Did quite a bit more testing, and have some interesting findings.

Caching

The first pass above was using URLSession for performing requests, but had a cache policy set up by default. This explains what @Reflejo pointed out above regarding sporadic network traffic - we were mostly getting cache hits after the initial set of requests. Thus, the above data is invalid because outbound network requests weren't actually being performed throughout the whole test.

New approach

Instead of running a test with Envoy actually within the Lyft passenger app, I examined how many requests are executed on the "request ride" screen of the app (~1.5req/sec) and decided to simulate something a little more intense than that.

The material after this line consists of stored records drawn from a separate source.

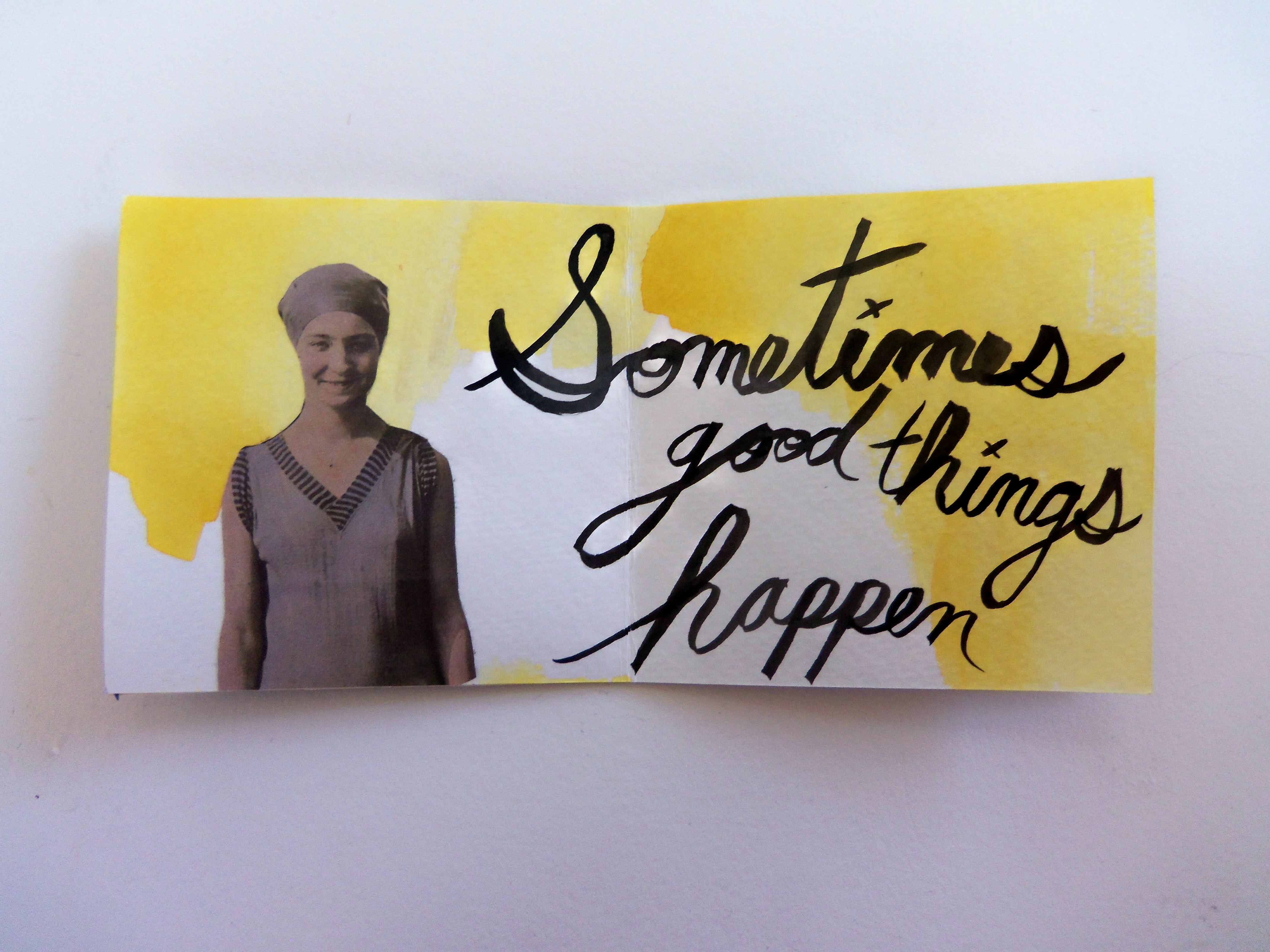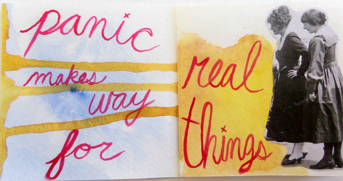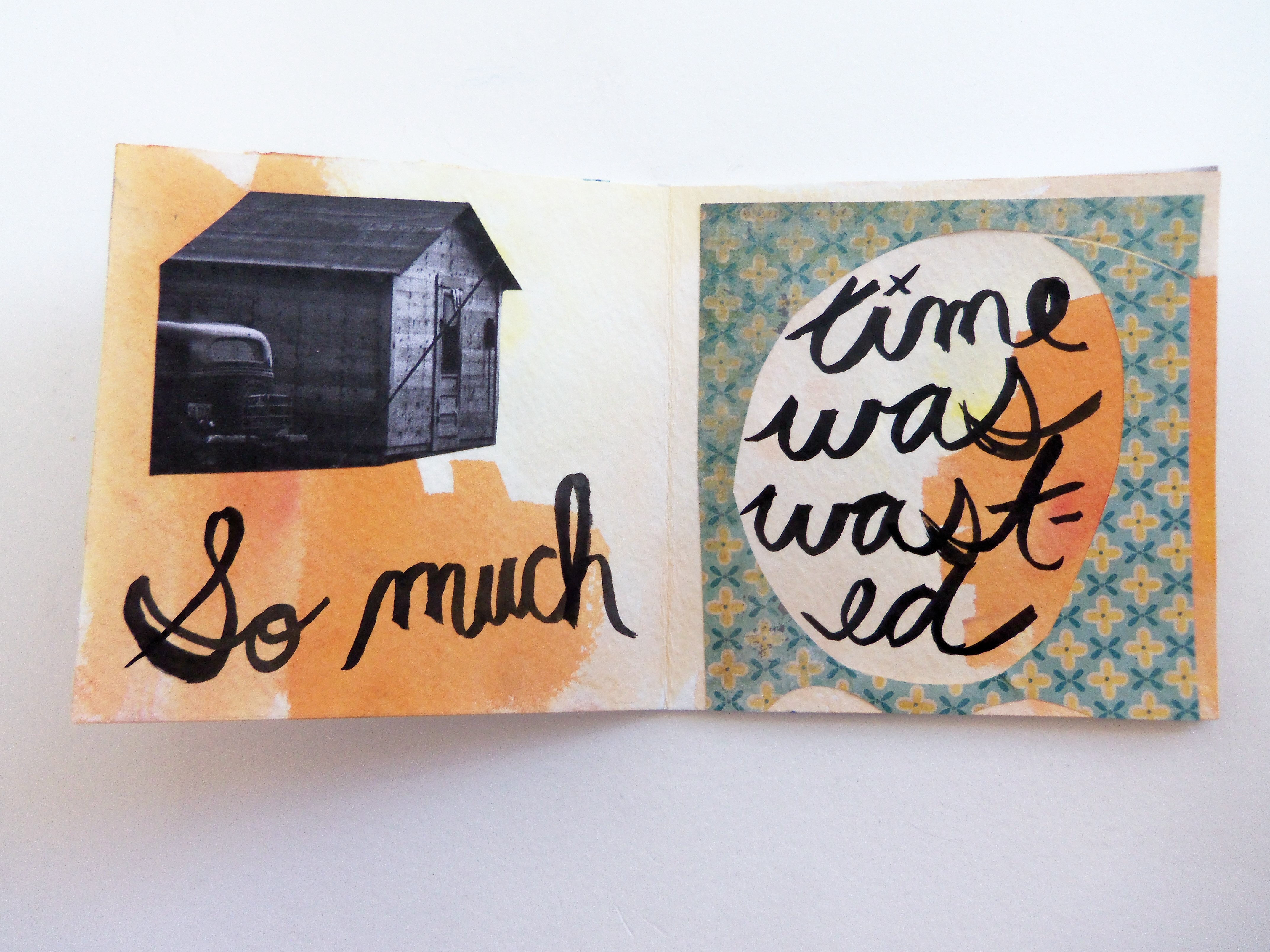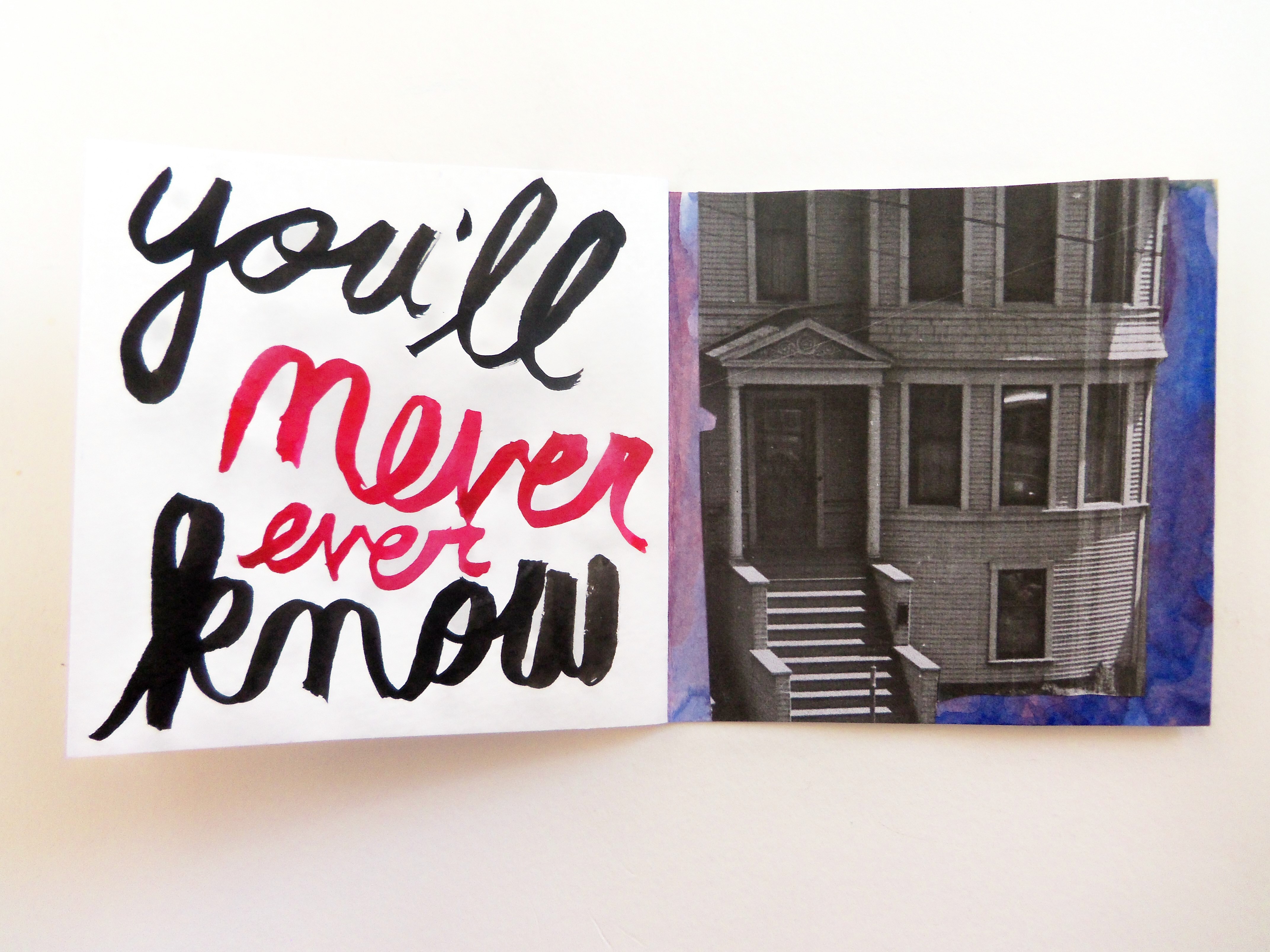 I have a new book completed this week, and it’s titled Oh, Hello.  Lately I’ve been enjoying practicing my cursive writing with ink and a paintbrush.  I like the way it looks, and it makes me feel like I’m back in third grade.  I think some of the pages in this book look great; others I think are just so-so.
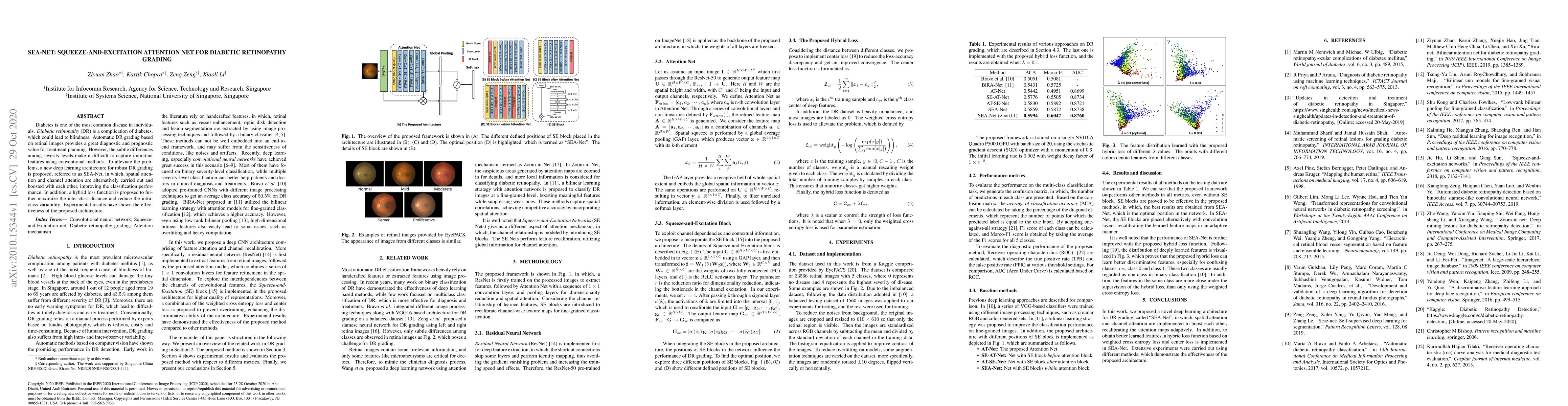 The paper proposes SEA-Net, a deep learning architecture incorporating spatial and channel attention mechanisms to improve the automatic grading of diabetic retinopathy (DR) from retinal images. The hybrid loss function further enhances inter-class distance and reduces intra-class variability, demonstrating effective performance in experimental results.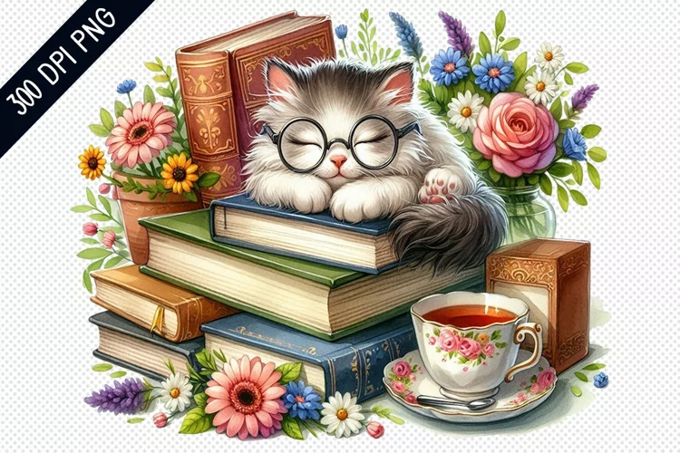 Books And Sleeping Cat Sublimation - Clipart PNG Design example image 1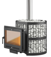 Чугунная печь для бани на дровах ЭТНА 24 (Панорама) "М" Закрытая каменка, Стандарт со стеклом, с топочным выносом, с открытой камнкой сеткой СТАНДАРТ на 150 кг камней, и закрытой каменкой на 80 кг камней, обогревает парное помещение бани от 12 до 24 м3.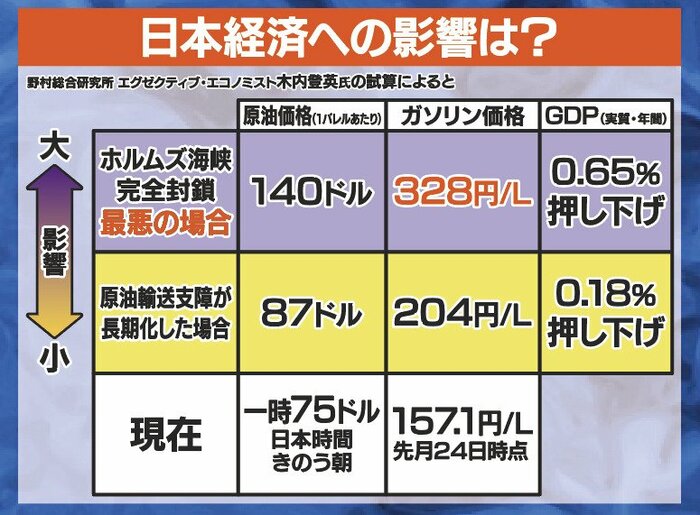 その場合、原油価格は20ドルぐらい上がるということで、87ドルというのは2024年にイランとイスラエルが交戦した時のピークの水準で、先週末と比べるとWTIで20ドルぐらい上がると。30%の上昇になって、国内のガソリン価格に換算すると200円を超えてくるという。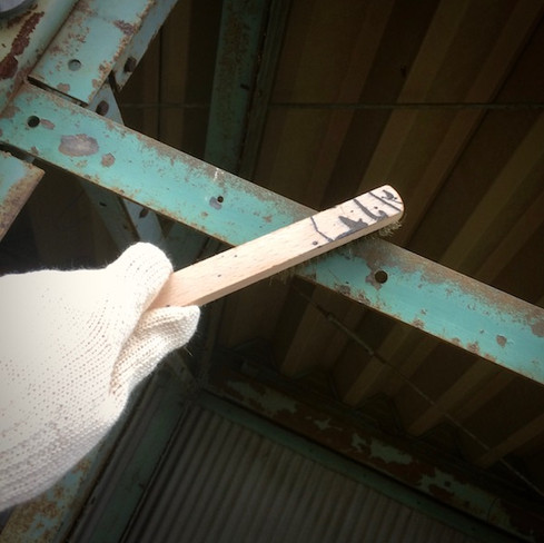 ワイヤーブラシで鉄部表面で剥がれかけているサビを落とします。
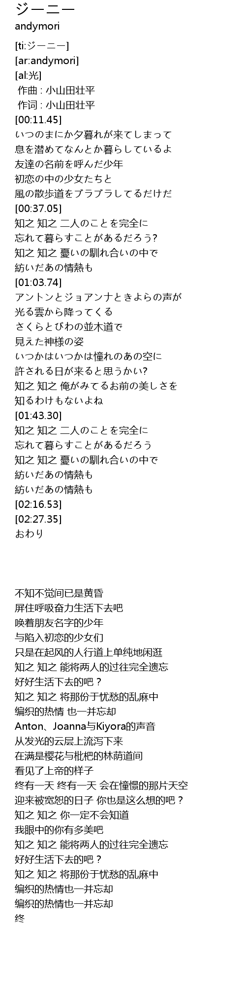 | [00:01.00] | 作词 : 小山田壮平 |
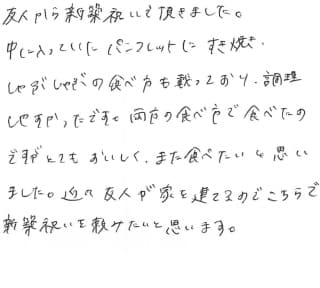 友人から新築祝いで頂きました。 中に入っていたパンフレットにすき焼き、しゃぶしゃぶの食べ方も載っており、調理しやすかったです。両方の食べ方で食べたのですがとてもおいしく、また食べたいと思いました。近々友人が家を建てるのでこちらで新築祝いを頼みたいと思います。

In this test, I continued sending a request every 0.2s, and sent 1,000 requests with the URLSession cache disabled (by setting it to nil). As shown in the screenshots below, network traffic is now much more consistent.

Inconsistent Envoy I/O

Once the above caching issue was identified with control, I did some validation against the build with Envoy installed, and found that the network I/O data still appeared sporadic in Xcode Instruments without the caching - even though the responses were coming back successfully consistently. As a quick test, I randomized URL request parameters, headers, and body data in the outbound requests, but still saw the same sporadic results.

After speaking with @goaway and @junr03, we decided it was possible that the data going in and out of the app simply wasn't being caught by Instruments since Envoy uses pure sockets to send it. To validate this theory, we tried installing Charles Proxy on the test device to see if traffic appeared there. For the same reasons, it did not.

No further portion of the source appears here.